Is This Bill a Hill to Die On? (We’ve Got to Do Something About Guns)

Is This Bill a Hill to Die On? (We’ve Got to Do Something About Guns) June 23, 2016

Like so many Americans, I’ve been amazed and disgusted at the unwillingness of our elected officials to deal effectively with the problem of gun violence.

The NRA has a clear stranglehold on the Republican-controlled Congress.

And so, like many Americans, I’ve been inspired and encouraged at the images of the sit-in by fed-up members, demanding a vote on a new proposed bill, the so-called “No Fly, No Buy” regulation.

If passed, this would prevent people who’ve been placed on the government’s “No Fly” list (i.e. suspected terrorists, presumably) from purchasing guns, so long as they remain on that watch-list.

Makes a lot of sense, on the face of it.

Except that the “No Fly” list is seen by many as problematic–even racist–in its own right, and it does put a lot of secretive power in the hands of government to determine who is or isn’t considered a threat or as having “affiliation” with a terrorist group.

Alex Pareene makes this argument (somewhat) effectively in a recent piece for the Gawker. He notes that,

The no-fly list is a civil rights disaster by every conceivable standard. It is secret, it disproportionately affects Arab-Americans, it is error-prone, there is no due process or effective recourse for people placed on the list, and it constantly and relentlessly expands. As of 2014, the government had a master watchlist of 680,000 people, forty percent of whom had “no recognized terrorist group affiliation.” This is both an absurdly large number of people to arbitrarily target in gun control legislation, and far, far too few to have any meaningful effect on actual gun ownership, let alone gun violence.
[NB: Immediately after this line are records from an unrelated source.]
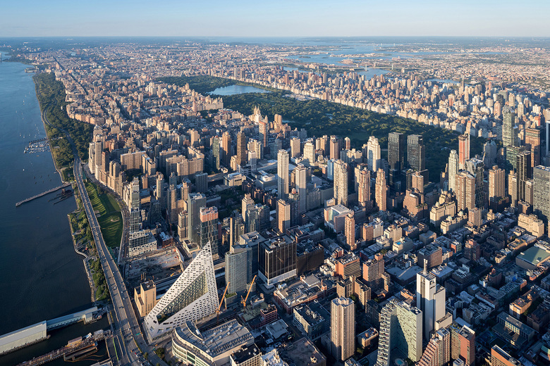 VIA 57 West is a hybrid between the European perimeter block and a traditional Manhattan high-rise, combining the advantages of both: the compactness and efficiency of a courtyard building with the airiness and the expansive views of a skyscraper. By keeping three corners of the block low and lifting the north-east corner up towards its 450 ft peak, the courtyard opens views towards the Hudson River, bringing low western sun deep into the block and graciously preserving the adjacent Helena Tower's views of the river. The form of the building shifts depending on the viewer's vantage point. While appearing like a pyramid from the West-Side-Highway, it turns into a dramatic glass spire from West 58th Street. The courtyard which is inspired by the classic Copenhagen urban oasis can be seen from the street and serves to extend the adjacent greenery of the Hudson River Park into VIA. The slope of the building allows for a transition in scale between the low-rise structures to the south and the high-rise residential towers to the north and west of the site. The highly visible sloping roof consists of a simple ruled surface perforated by terraces - each one unique and south-facing. The fishbone pattern of the walls are also reflected in its elevations. Every apartment gets a bay window to amplify the benefits of the generous view and balconies which encourage interaction between residents and passers-by.
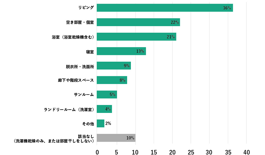 また、「浴室(浴室乾燥機(jī)含む)」(21%)を利用する方も目立ちます。ニオイや濕気がリビングに広がらないのが利點(diǎn)ですが、家族の入浴時(shí)間と重なると不便な上、電気代がかさみやすい側(cè)面もあります。「寢室」(13%)を利用するケースでは、夜に干して部屋の加濕を兼ねつつ、朝までに乾かすといったスタイルをとっている方が多い印象です。
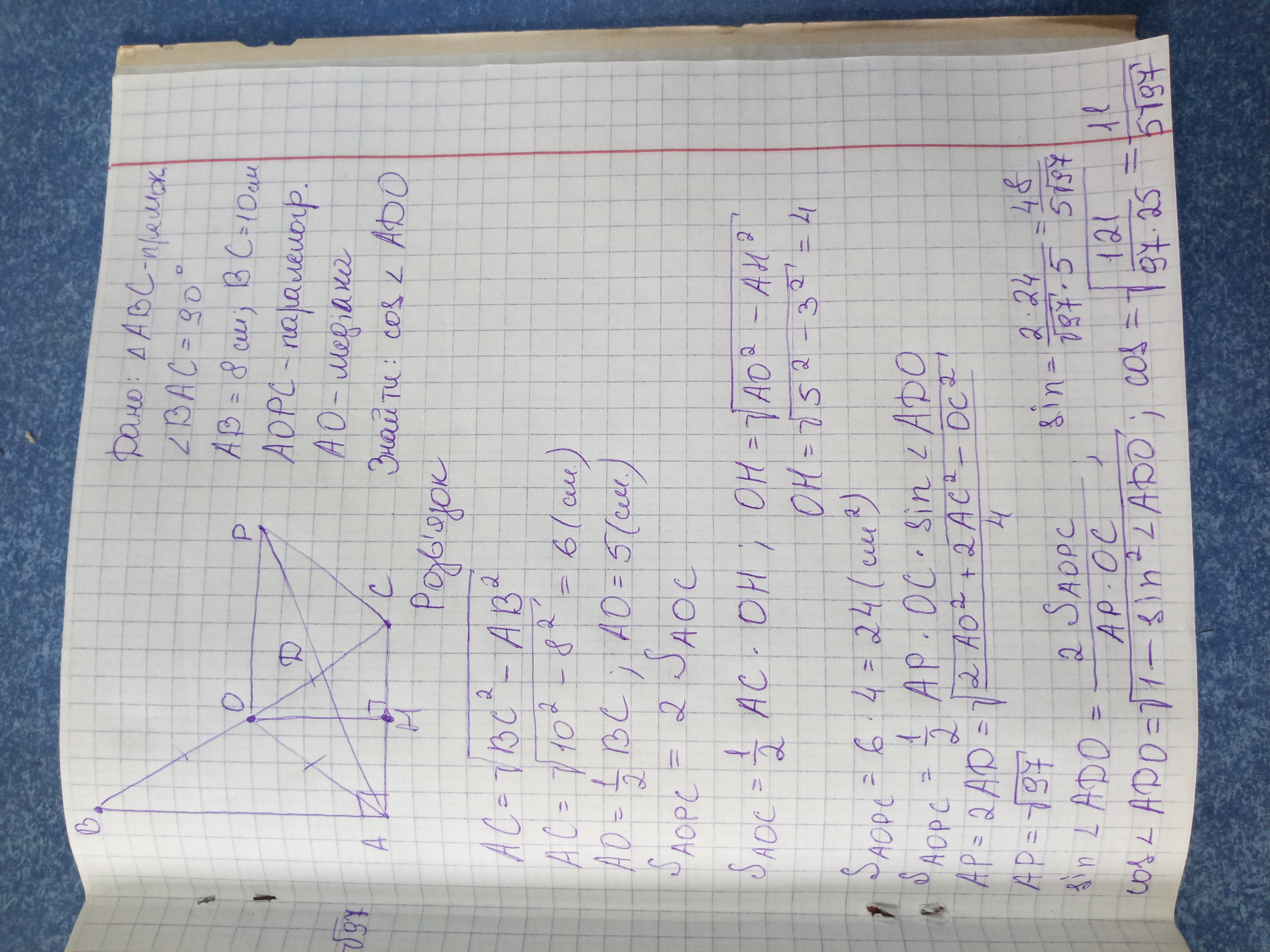 ДАЮ 100 баллов.Плис Отрезок АО - медиана прямоугольного треугольника АВС, у которого угол ВАС равен 90 градусов, АВ = 8 см, ВС = 10 см. На отрезках АО и АС как на сторонах построен параллелограмм АОРС. Вычислите косинус угла между прямыми, содержащими диагонали параллелограмма АОРС.Ответ должен быть 11/5√97

He rightly points out that a bill which effectively targets Muslims as a group would have actually little impact on our national homicide rate. And goes on to lament that basically any one of the previously rejected bills would have been a better “bill to die on” than this one, one that is mired in secrecy and given to prejudice and profiling.
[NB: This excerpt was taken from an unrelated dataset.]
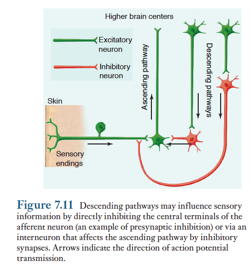 모든 감각 신호들은 중추신경계의 고위 수준에 도달하기 전에 거치는 감각경로상에 존재하는데 여러시냅스에서 광범위하게 변형된다. 측면억제처럼 다른 상행 뉴런과 인접함으로 인해 억제되기도 하고, 뇌의 고위 중추에서 내려오는 하행경로에 의하여 입수되는 정보의 상당부분이 감소되거나 제거된다. 특히 망상체와 대뇌피질은 하행경로를 통하여 구심성 정보의 입력을 조절한다. 억제성 조절은 일차 구심성 뉴런의 축삭말단에 직접 작용하거나(시냅스 전 억제), 또는 간접적으로 연합뉴런을 통해 감각경로의 뉴런에 영향을 줄 수 있다.
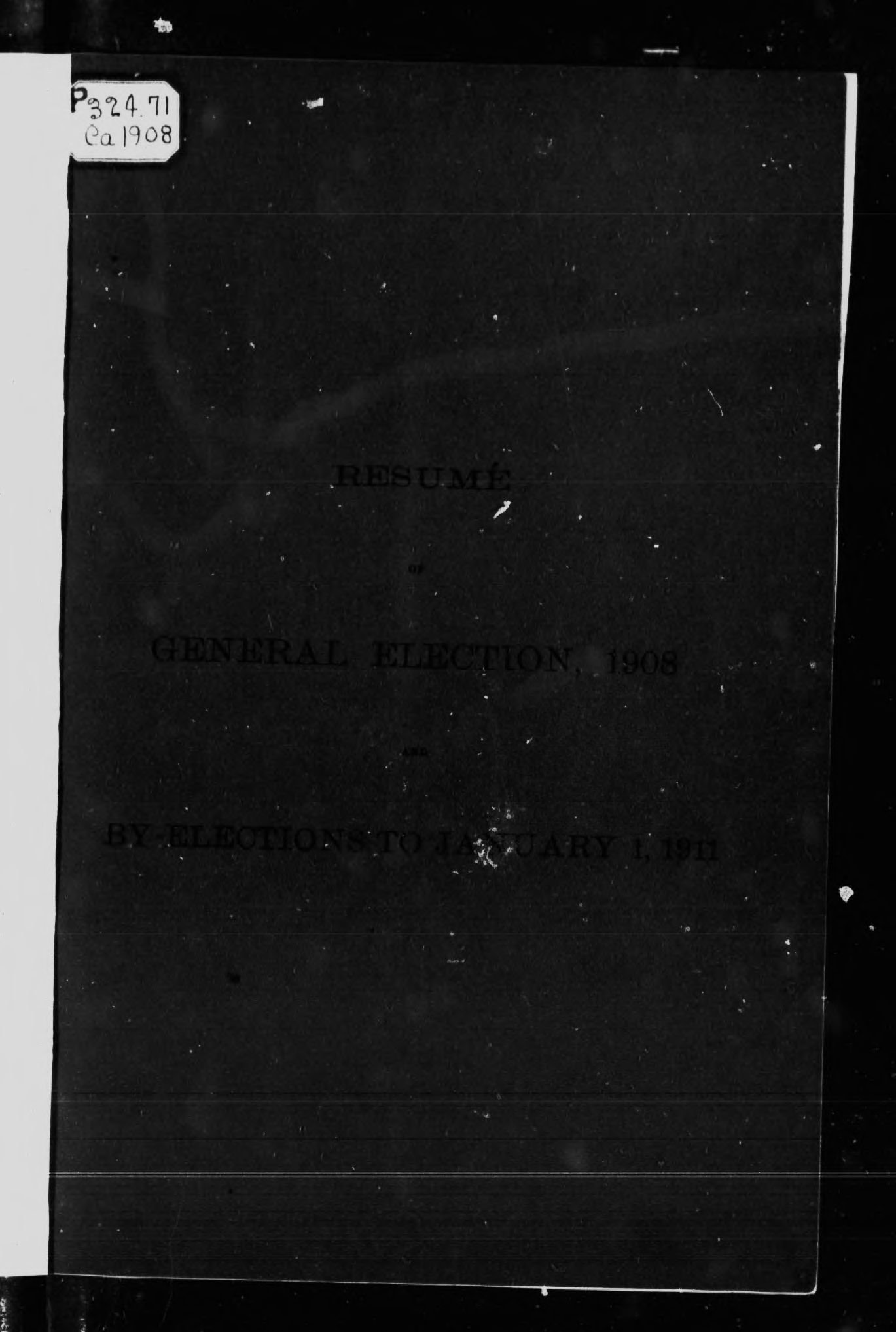 Resumé of general election, 1908 and by-elections to January 1, 1911.

(In a correction of the first edition of his essay, he notes that the protesting legislators are also currently demanding a hearing on expanding background checks, which goes beyond the “No Fly, No Buy” strategy).

Pareene makes good points about the problems with tying gun legislation to the terrorist watch list, but the less-than-optimal approach here probably just reflects the desperation of the situation; a situation in which so many legislators apparently can’t see their way toward solving a problem that needs to be solved, and one that’s made all the more frustrating by the sense that surely something–anything–can be done here?